What is being asked: Your response should be the complete data, transcribed exactly.

The records:

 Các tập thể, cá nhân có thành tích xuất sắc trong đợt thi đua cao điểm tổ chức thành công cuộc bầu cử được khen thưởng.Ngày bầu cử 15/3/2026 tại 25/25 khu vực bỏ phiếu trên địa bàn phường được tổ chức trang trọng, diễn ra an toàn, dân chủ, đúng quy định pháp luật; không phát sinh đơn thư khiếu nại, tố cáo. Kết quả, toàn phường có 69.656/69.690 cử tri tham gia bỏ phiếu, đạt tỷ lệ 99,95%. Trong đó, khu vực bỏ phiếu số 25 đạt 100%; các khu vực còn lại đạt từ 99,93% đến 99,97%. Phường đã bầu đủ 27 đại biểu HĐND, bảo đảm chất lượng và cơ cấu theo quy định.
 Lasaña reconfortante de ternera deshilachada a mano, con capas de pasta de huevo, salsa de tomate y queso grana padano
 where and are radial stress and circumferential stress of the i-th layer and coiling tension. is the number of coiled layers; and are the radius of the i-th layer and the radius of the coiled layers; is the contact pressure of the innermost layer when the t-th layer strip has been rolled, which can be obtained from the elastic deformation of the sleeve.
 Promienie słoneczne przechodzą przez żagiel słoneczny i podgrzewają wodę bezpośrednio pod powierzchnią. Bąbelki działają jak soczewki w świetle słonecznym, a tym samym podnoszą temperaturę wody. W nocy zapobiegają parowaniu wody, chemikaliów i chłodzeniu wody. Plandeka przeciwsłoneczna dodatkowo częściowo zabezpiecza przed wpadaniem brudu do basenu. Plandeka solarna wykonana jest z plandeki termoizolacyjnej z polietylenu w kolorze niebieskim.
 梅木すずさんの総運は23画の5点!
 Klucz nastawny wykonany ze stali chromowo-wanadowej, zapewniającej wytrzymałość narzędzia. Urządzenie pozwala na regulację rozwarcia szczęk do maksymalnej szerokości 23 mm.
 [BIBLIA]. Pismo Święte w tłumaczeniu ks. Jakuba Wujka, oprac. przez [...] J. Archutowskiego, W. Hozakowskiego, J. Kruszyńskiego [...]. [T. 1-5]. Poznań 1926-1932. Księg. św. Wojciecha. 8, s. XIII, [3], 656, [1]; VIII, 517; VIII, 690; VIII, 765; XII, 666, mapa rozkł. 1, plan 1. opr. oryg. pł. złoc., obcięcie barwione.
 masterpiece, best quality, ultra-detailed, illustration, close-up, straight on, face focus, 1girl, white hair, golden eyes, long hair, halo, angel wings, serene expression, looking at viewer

Response to the exercise:
 Các tập thể, cá nhân có thành tích xuất sắc trong đợt thi đua cao điểm tổ chức thành công cuộc bầu cử được khen thưởng.Ngày bầu cử 15/3/2026 tại 25/25 khu vực bỏ phiếu trên địa bàn phường được tổ chức trang trọng, diễn ra an toàn, dân chủ, đúng quy định pháp luật; không phát sinh đơn thư khiếu nại, tố cáo. Kết quả, toàn phường có 69.656/69.690 cử tri tham gia bỏ phiếu, đạt tỷ lệ 99,95%. Trong đó, khu vực bỏ phiếu số 25 đạt 100%; các khu vực còn lại đạt từ 99,93% đến 99,97%. Phường đã bầu đủ 27 đại biểu HĐND, bảo đảm chất lượng và cơ cấu theo quy định.
 Lasaña reconfortante de ternera deshilachada a mano, con capas de pasta de huevo, salsa de tomate y queso grana padano
 where and are radial stress and circumferential stress of the i-th layer and coiling tension. is the number of coiled layers; and are the radius of the i-th layer and the radius of the coiled layers; is the contact pressure of the innermost layer when the t-th layer strip has been rolled, which can be obtained from the elastic deformation of the sleeve.
 Promienie słoneczne przechodzą przez żagiel słoneczny i podgrzewają wodę bezpośrednio pod powierzchnią. Bąbelki działają jak soczewki w świetle słonecznym, a tym samym podnoszą temperaturę wody. W nocy zapobiegają parowaniu wody, chemikaliów i chłodzeniu wody. Plandeka przeciwsłoneczna dodatkowo częściowo zabezpiecza przed wpadaniem brudu do basenu. Plandeka solarna wykonana jest z plandeki termoizolacyjnej z polietylenu w kolorze niebieskim.
 梅木すずさんの総運は23画の5点!
 Klucz nastawny wykonany ze stali chromowo-wanadowej, zapewniającej wytrzymałość narzędzia. Urządzenie pozwala na regulację rozwarcia szczęk do maksymalnej szerokości 23 mm.
 [BIBLIA]. Pismo Święte w tłumaczeniu ks. Jakuba Wujka, oprac. przez [...] J. Archutowskiego, W. Hozakowskiego, J. Kruszyńskiego [...]. [T. 1-5]. Poznań 1926-1932. Księg. św. Wojciecha. 8, s. XIII, [3], 656, [1]; VIII, 517; VIII, 690; VIII, 765; XII, 666, mapa rozkł. 1, plan 1. opr. oryg. pł. złoc., obcięcie barwione.
 masterpiece, best quality, ultra-detailed, illustration, close-up, straight on, face focus, 1girl, white hair, golden eyes, long hair, halo, angel wings, serene expression, looking at viewer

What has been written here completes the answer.